The Social Democrats scored under 26 percent -- their second worst result since the war -- and the FDP at 4.8 percent.

Political scientist Nils Diederich of Berlin's Free University said Merkel had a tendency to bleed her coalition partners dry.

"You can compare Ms Merkel to a spider that feeds on the flies it captures," he told AFP as the results rolled in.

"That is what she did to the Social Democrats in 2009 and that is what she is doing now with the FDP."

A physicist by training, Merkel is only the third person to win a third term in Germany after Adenauer and Helmut Kohl, the father of German unity.

News weekly Der Spiegel declared, "Germany has finally become Angela Merkel-Land."

If she serves at least until 2017, she will become Europe's longest serving female leader, besting Margaret Thatcher who was Britain's prime minister for 11 years.

While Merkel became Germany's most popular post-war chancellor, the eurozone crisis laid waste to the careers of leaders in hard-hit countries such as Ireland, Portugal, Italy, Greece, Spain and France.

In contrast to Merkel's austerity-driven response to the eurozone crisis, the SPD has called for a bit more generosity and patience with nations as they pay off their debts.

However analysts say that even the inclusion of the centre-left in a Merkel government would do little to change her fundamental strategy of aid in exchange for biting reforms.

European Union president Herman Van Rompuy expressed confidence that Germany would remain committed to a "prosperous Europe".

French President Francois Hollande congratulated Merkel in a phone call in which both agreed "to continue their close cooperation to meet the challenges of the European project".

Britain's David Cameron said in a tweet that he was "looking forward to continuing to work closely" with Merkel.

Nearly 62 million people were called to the polls after a campaign many voters complained was largely superficial and personality-based.

Most said ahead of the poll that they hoped for a "grand coalition".

Economic growth is steady, unemployment at below seven percent -- its lowest level in two decades -- and the political culture is dominated by a long post-war tradition of consensus rather than red-blooded jousting.
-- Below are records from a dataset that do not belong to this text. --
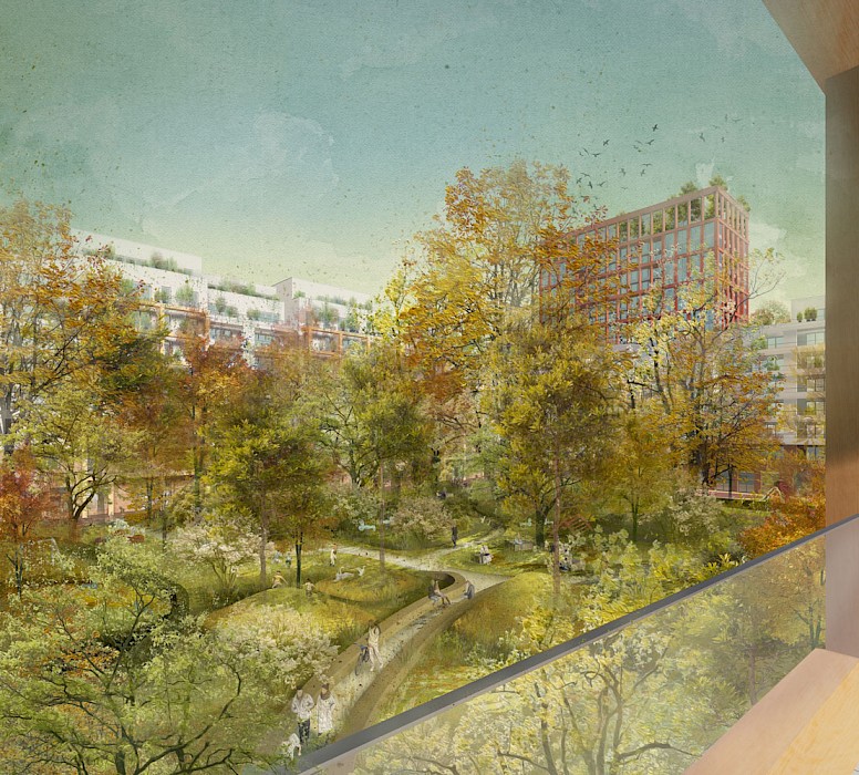 Der vorhandene Grünraum zieht sich in die neue Bebauungsstruktur hinein und bietet attraktive Freianlagen. Der Grünraum entlang der Gleise wird durch den neuen Quartierspark erweitert. Der ausreichende Abstand zu den Bahngleisen reduziert die Schallimmissionen des Verkehrs im Entwurfsgebiet.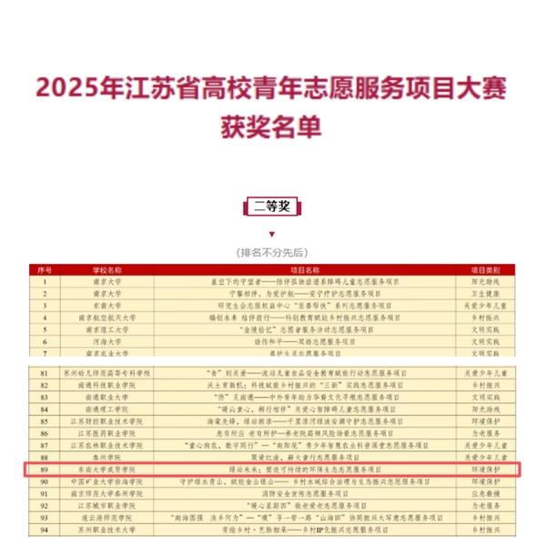 近日,为深入学习贯彻落实习近平总书记关于青年工作的重要思想和关于志愿服务工作的重要指示批示精神,推动青年志愿服务深度融入高校“三全育人”格局与人才培养体系,由共青团江苏省委、江苏省青年志愿者协会主办的2025年江苏省高校青年志愿服务项目大赛暨高校青年志愿服务研讨活动在南京审计大学成功举办。在此次大赛中,国产av “绿动未来:塑造可持续的环保生态”志愿服务项目在全省115所高校384个志愿服务项目中脱颖而出,最终斩获二等奖的好成绩。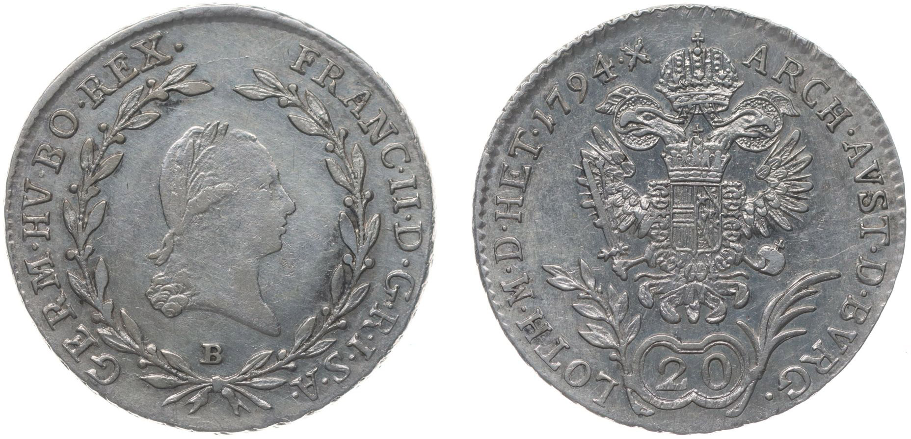 20 Krejcar 1794 B - velké "B", jiný tvar číslice "4"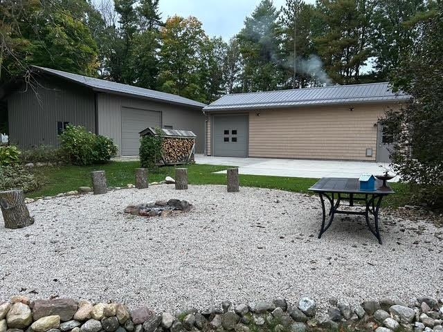 CAMP HILLTOP AWAITS! ALMOST 9 acres of wooded wonderfulness is here to enjoy with trails to walk or 4 wheel or snowmobile on! You have plenty of storage for all your "toys" as well as this home has a 18x40 "lodge" for storage or indoor games (or a place to hang out at) PLUS a 30x40 Pole Building ideal for your 4 wheelers, boats, campers etc... Did I mention the RV Shelter? The home has been updated with new hw floors, updated kitchen cabinets, 2 updated bths with walk in showers, large living room w/wood frplc, 3 bdrms with 2 of them having full length closets/built in drawers, a 3 season room w/hot tub, a semi finished rec room with bar & full bath with block walls, & an attached 2 car heated garage! Privacy awaits! Interior pictures coming 10/14.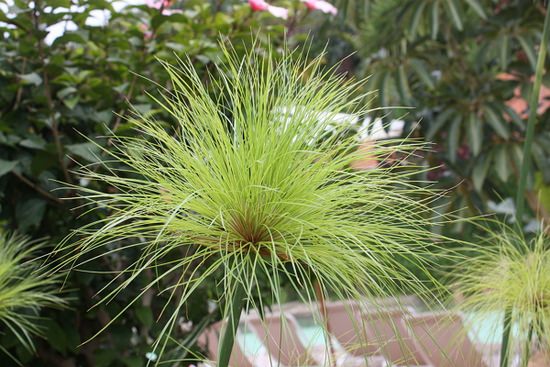 Циперус папирус, он же сыть папирусная – многолетнее растение из болотистых местностей Египта и Эфиопии. В естественных условиях его высота может составлять до 3 метров. Стебли прямые и очень прочные. Заканчиваются они пышной розеткой из длинных свисающих листьев. Декоративные качества растения очень высокие.

That left few issues to separate the main candidates.

"I think we have a good standard of living in Europe, and for me, this must remain stable. So, to me, voting for the extremes, on the left or the right, isn't an answer," Sister Elisabeth Bauer, a nun, told AFP as she cast her ballot in Berlin.

The ecologist Greens party, the SPD's preferred coalition partner, scored a disappointing 8.4 percent.

The far-left Die Linke, which has roots in former East Germany's ruling communist party, also tallied 8.6 percent but the SPD repeatedly ruled out forming a coalition with it at the national level.

The brash, gaffe-prone Steinbrueck stumbled again in the home-stretch of the campaign with a front-page magazine photo of him making a surly middle-finger reply to a question on his limping candidacy.

"We did not achieve the result we wanted," he admitted Sunday.